Supplied information:
● ● ● ●
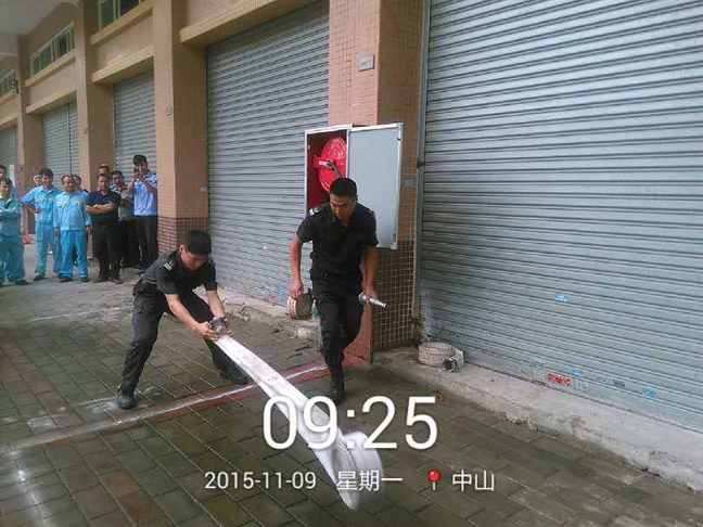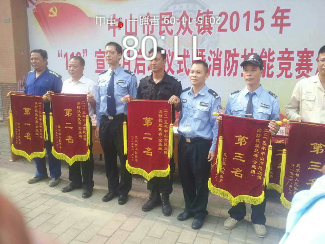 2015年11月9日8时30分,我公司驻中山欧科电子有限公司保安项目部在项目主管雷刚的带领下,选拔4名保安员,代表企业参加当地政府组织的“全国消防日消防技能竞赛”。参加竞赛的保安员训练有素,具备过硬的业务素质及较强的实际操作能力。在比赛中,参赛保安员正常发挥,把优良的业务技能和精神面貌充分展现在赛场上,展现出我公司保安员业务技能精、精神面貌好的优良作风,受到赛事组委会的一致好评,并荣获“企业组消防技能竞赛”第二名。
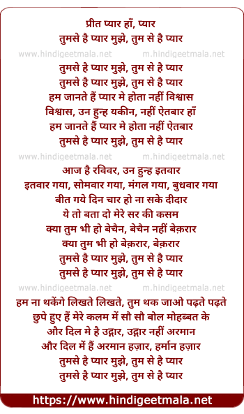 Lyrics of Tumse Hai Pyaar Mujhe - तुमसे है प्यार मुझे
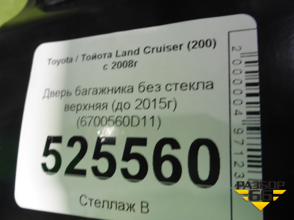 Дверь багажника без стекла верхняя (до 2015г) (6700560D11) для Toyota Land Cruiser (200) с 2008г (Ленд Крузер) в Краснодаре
● ● ● ●
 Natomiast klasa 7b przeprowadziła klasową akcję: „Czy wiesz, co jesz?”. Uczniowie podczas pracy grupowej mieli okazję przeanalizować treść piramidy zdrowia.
● ● ● ●
How to complete this task:
Nothing but the lines above from the one that has "Lyrics of Tumse" down to the one that has "Дверь багажника без" belongs in the answer, copied exactly, without pictures.

Response:
 Lyrics of Tumse Hai Pyaar Mujhe - तुमसे है प्यार मुझे
 Дверь багажника без стекла верхняя (до 2015г) (6700560D11) для Toyota Land Cruiser (200) с 2008г (Ленд Крузер) в Краснодаре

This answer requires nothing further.